The Room of Mental Health First Aid™ is, in its usual operating hours, a sterile classroom filled with six long rows of tables. This is the same room in which many of us meet monthly to discuss the unsexy specifics of curriculum changes and policy requirements. It’s the room I stood in six months ago and convinced a committee to give me the assistant professor position I now hold. I wore a black suit, clicked through PowerPoint slides, gave confident answers. I wore the very persona of infallible competence that this room has, at least for today, invited us to disarm.

Not quite public, not quite private, the room of Mental Health First Aid™ invites professionals to disclose, with promised confidentiality, all the ways it has been hard for us to be human. “We use Vegas rules here,” Mandi says, clicking to a slide that features the city’s iconic neon welcome sign. “What happens here stays here.” We can disclose adolescent-onset anxiety. We can explain how trauma might link across our years like beads on a string. We can say what we would otherwise never say in this room: “Nope, the textbook descriptions of panic attacks are incomplete. Mine begin in my arms, or my belly, or my dizzied head.”

It strikes me that if more spaces followed the norms of the room of Mental Health First Aid™, we might actually need less mental health first aid.

Mandi is a thirty-something woman with alto-voiced cheer. “How many of you have experienced depression?”

Hands go up.

“Anxiety?”

More hands. Nearly all the hands, including my own.

This is one of Mandi’s strategies: accessing our personal experiences. She has given us softcover textbooks, and she scrolls through infographic slides from the National Council for Community Behavioral Healthcare. But she also invites us to use ourselves as references, as wildly imperfect maps that might touch or even lay over and align with the maps of others, and which might, along with the textbook and slides, help us cobble together a fuller topography of what it means to be human.

We learn the official statistics: Twenty percent of young adults, ages 18 to 24, experience a mental health disorder.[†] Two-thirds of students who need mental health support do not seek it. The average number of years between when a person needs help and when they receive it is eight. The age of a third grader, the time it takes for a typical human to go from drooling baby to sassy calculator of math problems. Suicide is the second leading cause of death for adults age 18 to 24.

“Why?” Mandi asks us to speculate.

“Social media?” someone calls from the front row.

“Climate change fears?” another person guesses from the side.

Mandi nods. “Sure. Those are all factors.”

But why, she says, is a question even experts haven’t answered. In our eight hours together, we will attempt to answer another: What can we do?

•••

It turns out that what we can do is remarkably simple.

She splits the twenty-seven of us into two groups.

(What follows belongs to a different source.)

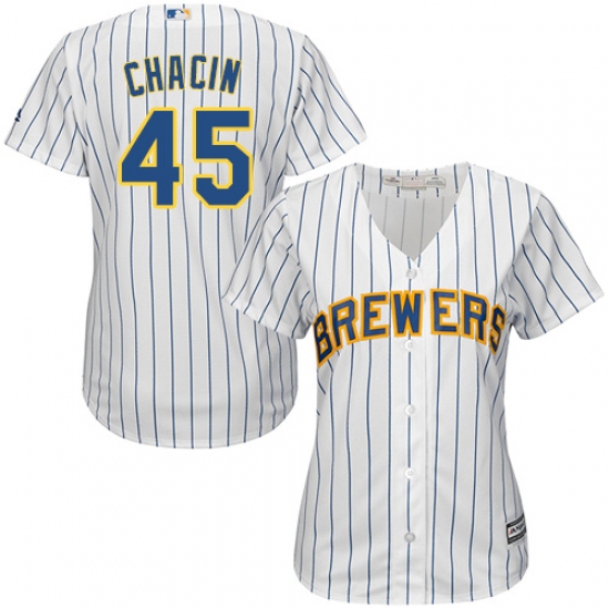 Home>MLB>Milwaukee Brewers>Jhoulys Chacin>Women's Majestic Milwaukee Brewers #45 Jhoulys Chacin Replica White Alternate Cool Base MLB Jersey
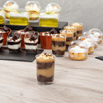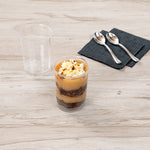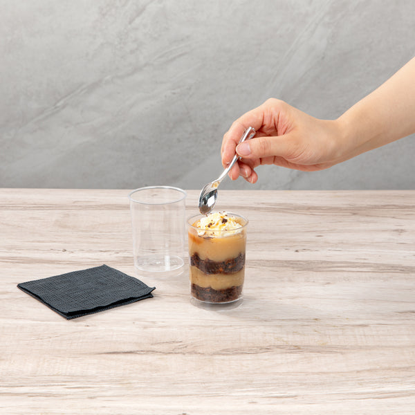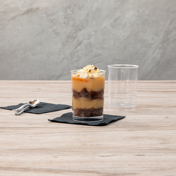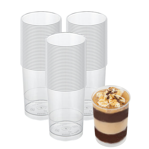 Elevate your dessert presentation with our Mini Serve 5-ounce Round Clear Plastic Dessert Cups. Crafted from durable PS plastic, these recyclable plastic dessert cups are designed to hold cold foods, making them ideal for serving ice cream and gelato. Showcasing a clear finish, these dessert cups allow guests to easily view their delicious treats while providing a sleek and modern look. The stackable design of these disposable dessert cups offers a space-saving solution for your kitchen or dessert display. For added convenience, pair these clear dessert containers with available lids (RWP1413C) to keep desserts fresh and protected. With a 5-ounce capacity and measuring 2.5 inches in diameter by 3 inches in height, these clear plastic dessert cups are perfect for serving individual portions of your delectable creations. Sold in a 100 count box. Lids are available and sold separately.

One group is labeled “Listening.” Another is labeled “Not Listening.” The groups must race each other to come up with as many outward signs of their designated label as possible. I am in Not Listening.

“Looking at your cell phone!” one of my group members calls out.

“Looking away!” another shouts.

“Not making eye contact!”

I’m not making eye contact. I’m looking at my notepad, frantically recording their ideas. A colleague grabs my list and runs to the whiteboard to scribble our answers. With equal urgency, members of Listening do the same.

“Time,” Mandi calls.

She tallies our lists. We of Not Listening have generated twenty-one outward signs. Listening only has nineteen. Not Listening wins!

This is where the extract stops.